I Маленький татарин. Записки из читинских трущоб
Эта история берёт начало на закате восьмидесятых, в момент моего первого проблеска самосознания.
ГОГА
Беззаботное лето в Соцгороде. Залитый тёплым янтарём двор. Моё внимание приковано к качелям на детской площадке. Рядом с ними двое незнакомых мальчишек.
— Можно покачаться? — спрашиваю, подойдя ближе.
— Можно, — отвечает один из них.
— Всё равно это не наши качели, — равнодушно добавляет второй.

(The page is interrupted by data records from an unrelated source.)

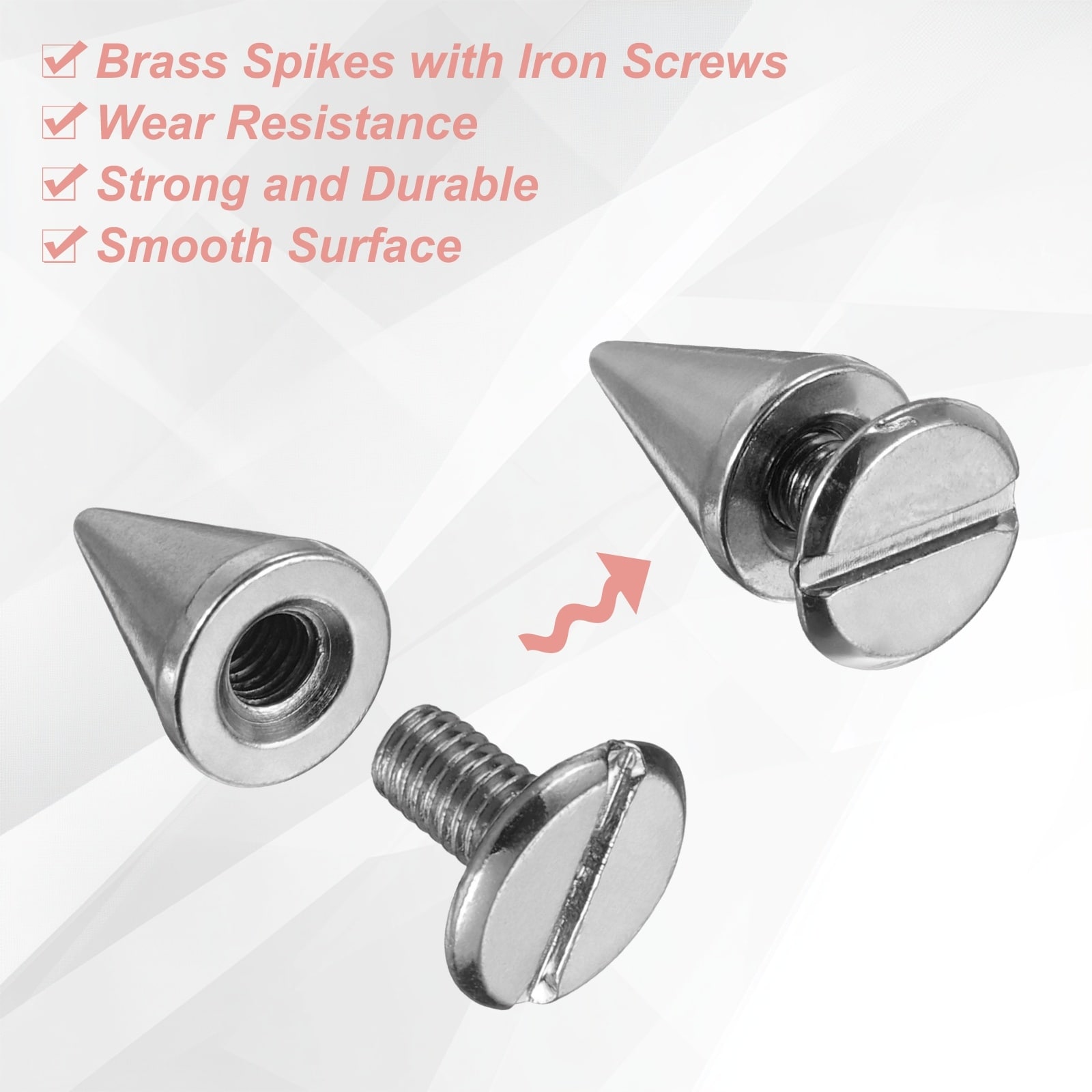 Spike Cone Studs Riveted Brass Cone Spikes Punk Style Rapid Rivet for Garments/Shoes/Bags/DIY Leather Craft - 10x7 mm
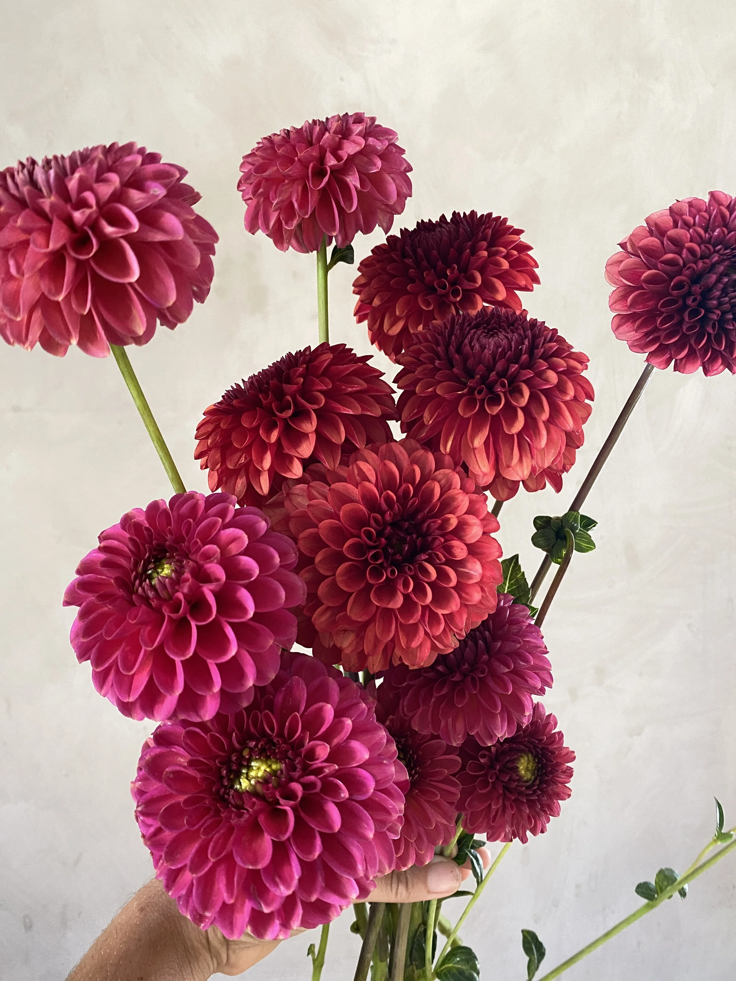 Dahlia 'Zundert Mystery Fox' an outstanding performer. A juicy raspberry color and a little bit smaller in size than 'Brown Sugar'  We loved growing this one.
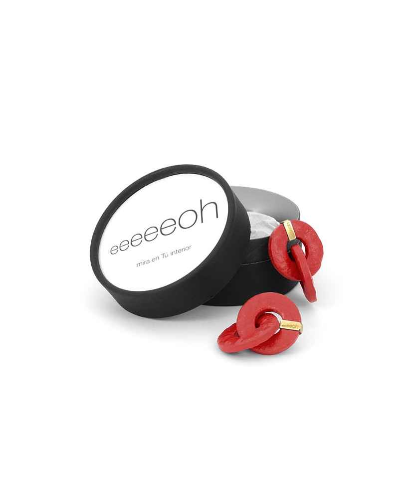 Modelo 11, pendiente de forma circular, tamaño pequeño y color rojo. Eeeeeoh es más que un pendiente: es un código de inclusión elaborado con material reciclado y ecológico, creado por personas con diversidad funcional en LaFact. Inspirado en la geometría de la Bauhaus y la filosofía Gestalt, esta pieza ligera de menos de 3 g conecta con la belleza interior y el equilibrio personal. Incorpora cierre hipoalergénico para garantizar comodidad y seguridad.
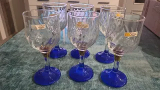 Set de seis copas de cristal con base y tallo en color azul. - Diseño con relieve. - Detalle dorado en la unión del tallo con la copa. - Etiqueta de la marca 'Cristal Mode' visible.
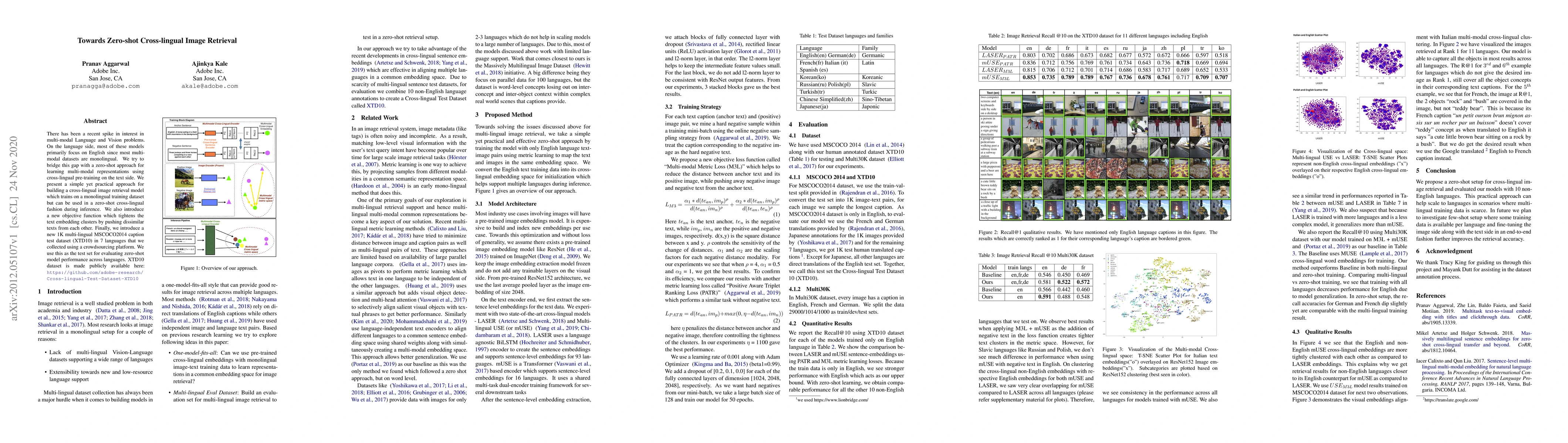There has been a recent spike in interest in multi-modal Language and Vision problems. On the language side, most of these models primarily focus on English since most multi-modal datasets are monolingual. We try to bridge this gap with a zero-shot approach for learning multi-modal representations using cross-lingual pre-training on the text side. We present a simple yet practical approach for building a cross-lingual image retrieval model which trains on a monolingual training dataset but can be used in a zero-shot cross-lingual fashion during inference. We also introduce a new objective function which tightens the text embedding clusters by pushing dissimilar texts from each other. Finally, we introduce a new 1K multi-lingual MSCOCO2014 caption test dataset (XTD10) in 7 languages that we collected using a crowdsourcing platform. We use this as the test set for evaluating zero-shot model performance across languages. XTD10 dataset is made publicly available here: https://github.com/adobe-research/Cross-lingual-Test-Dataset-XTD10

Расположившись на сиденье, раскачиваю ногами, встречая потоки летнего воздуха. Примитивный маятниковый механизм, металлическим скрипом сопровождает возвышение над линией горизонта. Взлёт и ожидаемое падение со щекочущим ощущением внизу живота. В такт этим раскачиваниям фигурки ребят то приближаются, и я нависаю над ними, то отдаляются. Худощавый паренёк с серьёзным лицом молча наблюдает за мной. На нём клетчатая рубашка с длинным рукавом и короткие синие шорты. Ян чем-то похож на татарина. А тот, что выше и с русыми, растрёпанными, как солома, волосами — его старший брат Витя по прозвищу Гога. (Позже выяснится, что братьев четверо и что самый старший живёт в другом городе).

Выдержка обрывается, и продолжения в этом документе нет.